3. Die Entscheidung des LG hält der rechtlichen Nachprüfung stand (§ 27 I FGG, 546 ZPO).
a) Zutreffend geht das LG davon aus, dass zwei mit dem gleichen Datum versehene Testamente als gleichzeitig errichtet anzusehen sind, wenn nicht geklärt werden kann, welches Testament später errichtet wurde (vgl. Soergel/Mayer, BGB, 13. Aufl., § 2258 Rdnr. 12; Staudinger/Baumann, BGB, 2003, § 2258 Rdnr. 16). Die Feststellung, zu welchem Zeitpunkt ein Testament errichtet wurde, ist im wesentlichen tatsächlicher Natur. Der Senat kann die Feststellungen des LG nur daraufhin überprüfen, ob das LG den maßgeblichen Sachverhalt ausreichend erforscht (§ 12 FGG, § 2358 I BGB) hat, ob die Vorschriften über die Beweisaufnahme (§ 15 FGG) verletzt wurden und ob die Beweiswürdigung im Verfahren der weiteren Beschwerde zu berücksichtigende Fehler aufweist. Die Beweiswürdigung kann nur daraufhin überprüft werden, ob das LG bei der Erörterung des Beweisstoffs alle wesentlichen Umstände berücksichtigt (§ 25 FGG) und hierbei nicht gegen gesetzliche Beweisregeln oder die Denkgesetze und feststehende Erfahrungssätze verstoßen hat, ferner ob es die Beweisanforderungen zu hoch oder zu niedrig angesetzt hat (st. Rspr., vgl. BayObLGZ 1995, 383 [388] = NJW-RR 1996, 457 m.w. Nachw.).

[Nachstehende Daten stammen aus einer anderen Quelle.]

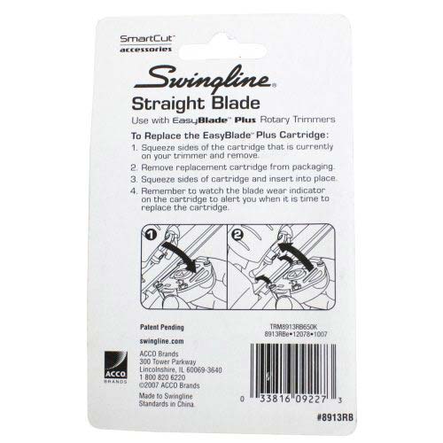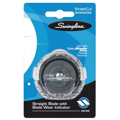The new Swingline EasyBlade Plus Rotary Trimmer makes trimming photos, labels, posters, banners, paper, or nearly anything else a breeze. The innovative blade for the Swingline EasyBlade Plus features an indicator light that changes from green to red when you need to change the blade. These replacement blades make changing the blade for the EasyBlade Plus Rotary Trimmer easier than ever. Contained within a cartridge to prevent accidental cutting and for safety, this replacement blade makes it simple to change in order for you to keep on trimming.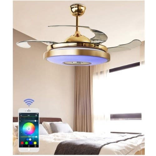 When you turn on the ceiling fan, the blades will stretch out, while when you turn off the fan, the blades will put inside automatically. Exclusive motor technology and remote system that ensure your fan will remain Quiet for life. And warm lights give you a bright sight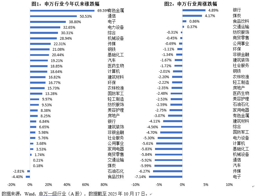 市场调整主要受内外因素共同作用:一方面,中美贸易摩擦再度升温、美国区域银行风险担忧等外部“黑天鹅”事件冲击全球风险偏好;另一方面,A股在前期上涨后存在技术性调整需求,获利了结压力显著上升。结构上看,避险情绪推动贵金属板块表现强势,金银价格上涨带动有色金属板块走强;同时,银行、煤炭等高股息、低估值的防御型板块继续受到资金青睐。而新能源、人工智能等热门赛道跌幅较大,既源于其前期估值偏高、交易拥挤度提升,市场对风险偏好变化更为敏感,也与部分企业三季报业绩不及预期、引发市场对盈利兑现能力的担忧有关。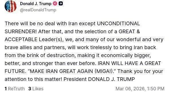 트럼프 “이란과의 협상, 무조건 항복 외엔 없다”

b) Die vom LG nach der von ihm durchgeführten Beweisaufnahme getroffene Feststellung, der Zeitpunkt der Errichtung des den Bet. zu 5 begünstigenden Testaments könne nicht festgestellt werden, ist aus Rechtsgründen nicht zu beanstanden. Das LG hat den Sachverhalt ausreichend erforscht, seine Beweiswürdigung begegnet keinen rechtlichen Bedenken. Der Bet. zu 5 wendet sich mit der weiteren Beschwerde vor allem gegen die Beurteilung seiner persönlichen Glaubwürdigkeit und der seiner Lebensgefährtin durch das LG. Damit kann er im Rechtsbeschwerdeverfahren keinen Erfolg haben. Die Beurteilung der persönlichen Glaubwürdigkeit von Zeugen und Bet. sowie der Glaubhaftigkeit von deren Sachdarstellung obliegt dem Gericht der Tatsacheninstanz und ist im Rechtsbeschwerdeverfahren grundsätzlich nicht nachprüfbar (st. Rspr., vgl. BayObLG, NJWE-FER 1998, 109 = FamRZ 1998, 1469 [1417]; Keidel/Meyer-Holz, § 27 FGG Rdnr. 43). Insbesondere ist nicht zu beanstanden, dass das LG aus den Widersprüchen zwischen den Angaben des Bet. zu 5 und den Angaben der behandelnden Ärzte zum Zustand des Erblassers am 2. 10. 1999 Rückschlüsse auf sein Aussageverhalten insgesamt - auch zu den Angaben zum Zeitpunkt der Testamentserrichtung - gezogen und diese als nicht verlässlich eingestuft hat. Das LG hätte diese Einschätzung zusätzlich auch darauf stützen können, dass der Bet. zu 5 das in seinem Besitz befindliche Testament gegenüber dem Nachlassgericht erst am 3. 3. 2000 erwähnt und vorgelegt hat, obwohl er ausweislich des Vermerks der zuständigen Rechtspflegerin vom 16. 4. 2000 von ihr bereits am 29. 2. 2000 telefonisch über den Erbscheinsantrag der Bet. zu 1 und das Testament zu deren Gunsten unterrichtet worden war.
c) Zu Recht hat das LG deshalb beide Testamente als gleichzeitig errichtet angesehen mit der Folge, dass sie sich wegen der inhaltlich widersprüchlichen Anordnungen aufheben (vgl. BayObLG, FamRZ 1991, 237 [238]). Auf die Frage der Testierfähigkeit des Erblassers kommt es deshalb nicht an. Der auf Grund gesetzlicher Erbfolge erteilte Erbschein entspricht der Erbrechtslage.